- The cover of The Punisher (1998), #3 (January 1999). Art by Joe Jusko and Bernie Wrightson.

Publication information
- Publisher: Marvel Comics Marvel Knights
- Schedule: Monthly
- Format: Limited series
- Genre: Superhero Dark fantasy
- Publication date: November 1998 - February 1999
- No. of issues: 4
- Main character(s): Olivier Gadriel Punisher

Creative team
- Written by: Christopher Golden Thomas E. Sniegoski
- Penciller: Bernie Wrightson
- Inker: Jimmy Palmiotti
- Letterer: Richard Starkings
- Colorist(s): Brian Haberlin (Issues #1-2) Elizabeth Lewis (Issues #3-4)
- Editor(s): Joe Quesada Jimmy Palmiotti

= The Punisher (1998 series) =

1998 Marvel Comics limited series

The Punisher, also known as The Punisher: Purgatory, is a four-issue comic book limited series written by Christopher Golden and Thomas E. Sniegoski, illustrated by Bernie Wrightson, and published by Marvel Comics (through the Marvel Knights imprint) from 1998 to 1999. The series was a departure from typical Punisher stories in that it dealt with supernatural themes.

== Plot ==

Following Frank Castle's suicide, the alley where he took his own life became a shrine for all the downtrodden victims of crime. Nevertheless, a figure with glowing eyes and an arcane symbol on his forehead has been performing deeds similar to those of the Punisher. Gradually, this phantom starts to recall his identity, eventually uncovering not only the compulsion that drives him but also the guardian angel who failed to save his family.

== Prints ==

=== Issues ===

1. "Purgatory, Part 1: The Harvest"
2. "Purgatory, Part 2: The Mark of Cain"
3. "Purgatory, Part 3: A Gathering of Angels"
4. "Purgatory, Part 4: The Hour of Judgment"

== Continuity ==

The angelic rendition of the Punisher reappears in the four-issue miniseries Wolverine/The Punisher: Revelation.
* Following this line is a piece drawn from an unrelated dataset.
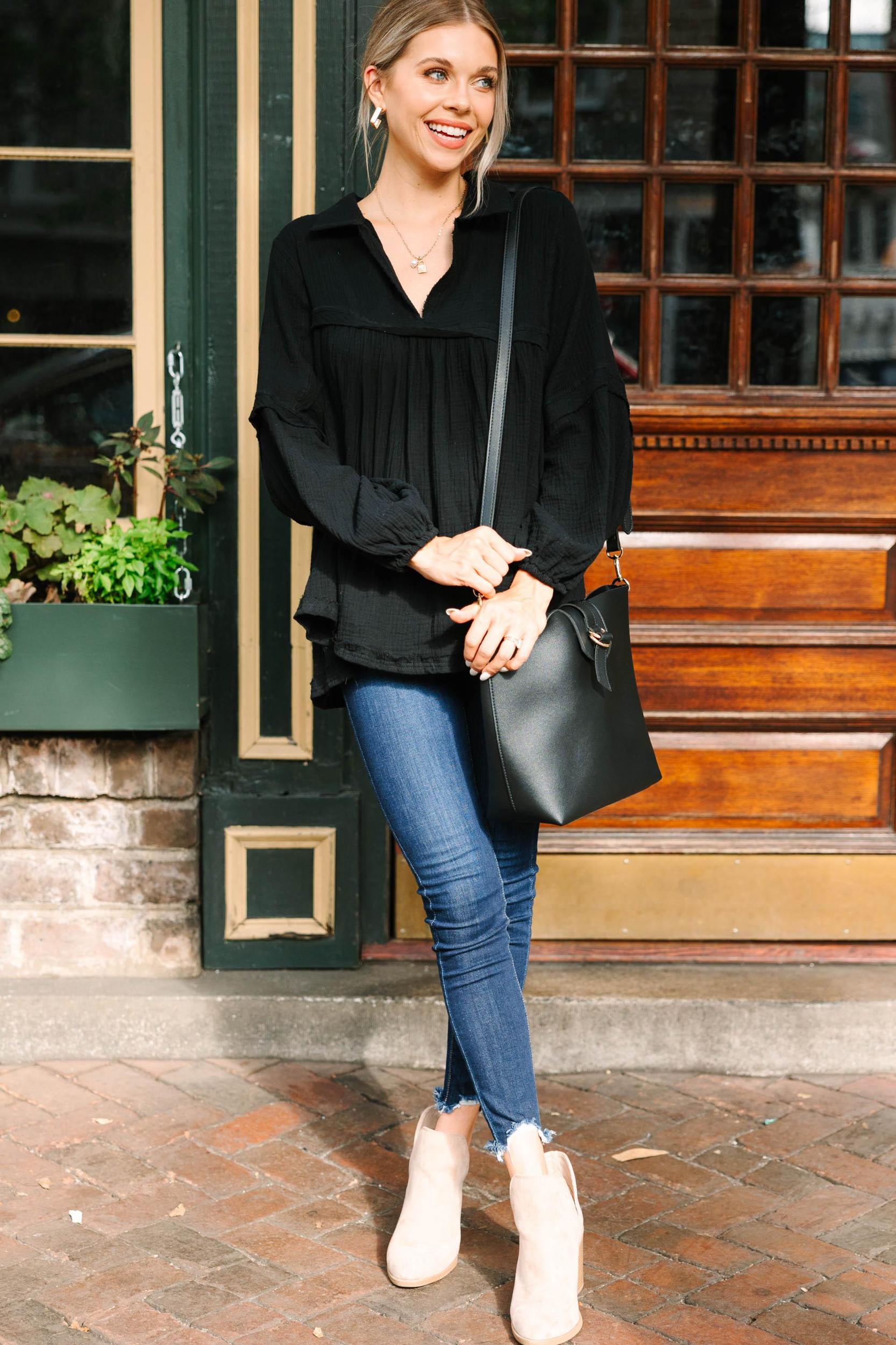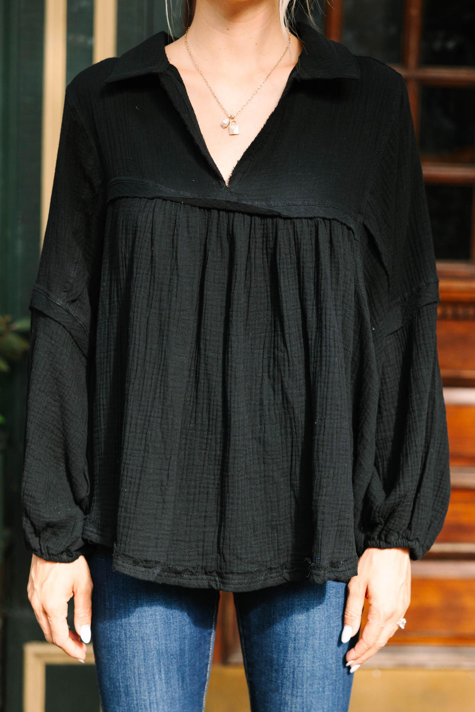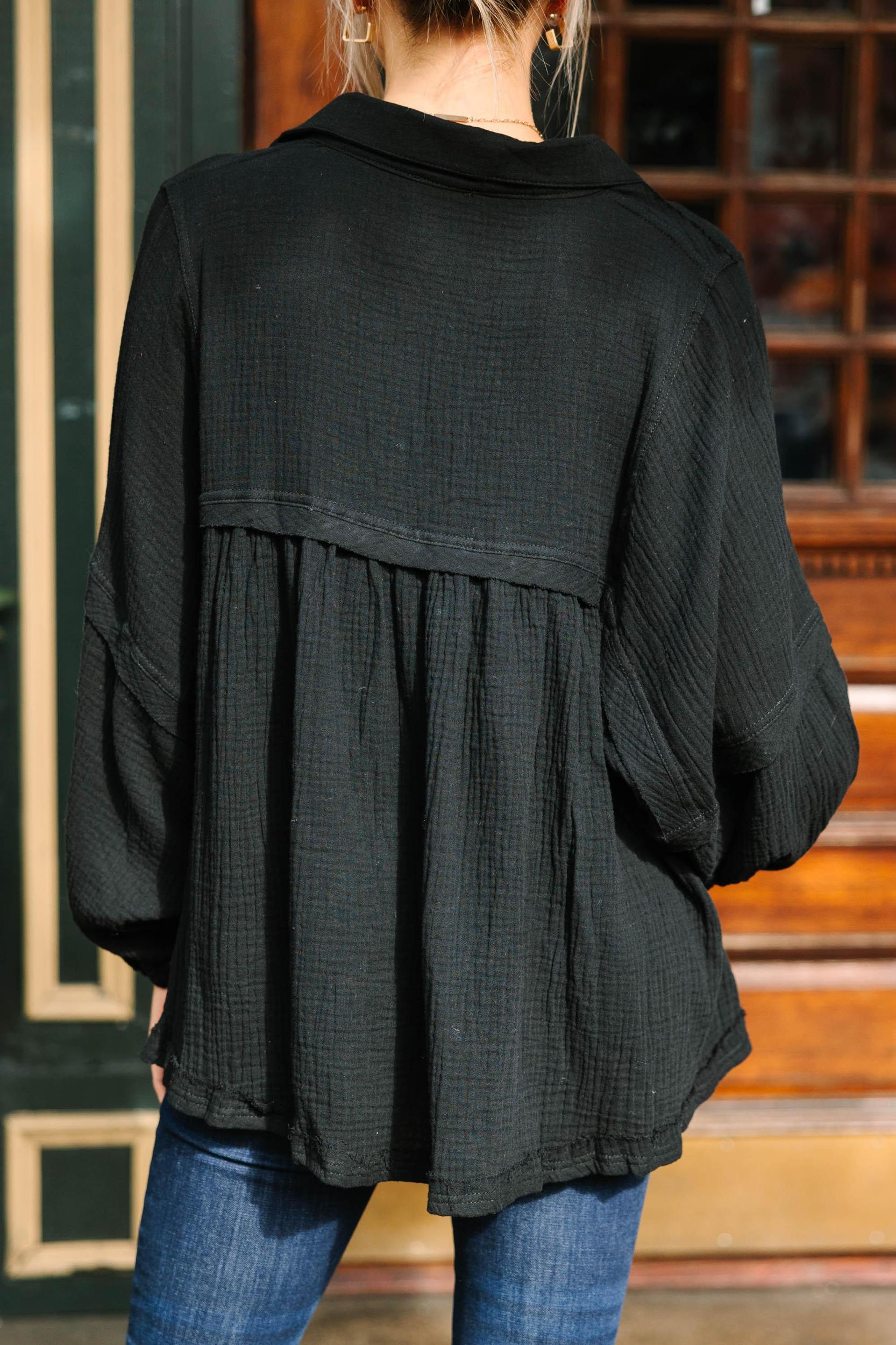 You are going to love life so much more in this oversized, boho beauty! That babydoll fit is so flowy and that cotton gauze fabric has the perfect amount of airiness! This babydoll top has your name written all over it! It's going to look amazing with jeans or shorts for year round wear! This top features a babydoll cut, a collared v-neck, long bubble sleeves, and a gauzy cotton fabric. Material has no amount of stretch.Cam is wearing the small.

In The Punisher series following this one, the character has gone back to being a mortal vigilante combating mundane criminals; the return to the status quo is explained via the Punisher commenting that he had grown weary of doing Heaven's bidding (referring to the offer made to him at the end of the aforementioned Revelation) and had quit its employ after telling the angels "where to stick it".

The Egyptian deity Khonshu expressed interest in the Punisher, but was deterred from anointing him by the Punisher's connection to Olivier, remarking that the vigilante "belongs to another" and that he "flies his lord's banner" (the Punisher's skull insignia). Later, while a member of the Thunderbolts, the Punisher is healed by an angel's feather after being fatally wounded. When Deadpool asks why the feather was drawn to him, the Punisher snaps, "I don't want to talk about it".

The series retcons the events in Marvel Super Action #1, which had the Costa brothers die at the hands of an assassin named Audrey, not the Punisher. Additionally, Olivier insinuates that his own skull-like face inspired the Punisher's emblem, when it had earlier been implied in The 'Nam that the inspiration for the symbol came from a Viet Cong sniper called Monkey.

== Reception ==

The comic has been ridiculed for its revamping of the Punisher mythos, with Matt Duarte of The Weekly Crisis musing that it "alienated many readers and made the character toxic until Garth Ennis engineered his revival some years later". Nick Nadel of ComicsAlliance wrote, "Even horror legend Bernie Wrightson's artwork couldn't make Angel Punisher and his weird spiky guns not look completely silly and dated". Cracked.com's Maxwell Yezpitelok opined that the storyline "completely undermined the intent of the character who had the simplest goal of any superhero ever" and that it felt like "the sort of bullshit premise that could have only come from the mind of a coke-fueled TV executive pitching a toy-friendly Punisher animated series where they don't actually show him killing people". Ethan Kaye of Topless Robot succinctly stated in regards to the volume, "Thank God we have Garth Ennis to give us back the Punisher who liked guns and bombs again". 4thletter's Gavin Jasper said, "Purgatory still doesn't get as much hate as it deserves. Angel Punisher isn't a completely unusable idea. As a fan of Franken-Castle, I'd be a hypocrite for suggesting such a thing. If Ennis felt like it, I'm sure he could come up with a way to make it work. Remender and Ostrander (the last guy to write Punisher before this status quo) could make it work. Here, though, there's nothing that redeems such a bonehead concept."

Chuck Dixon, writer of various Punisher comics throughout the early 1990s, criticized the alterations made to the character's backstory, asserting, "I don't think origins like Batman's or Punisher's should be visited over and over again with everyone adding their two cents until the sum of all added details don't fit any more" and "Punisher's origin has been similarly screwed up, changing in the identities of his family's killers, making it a purposeful rather than random act".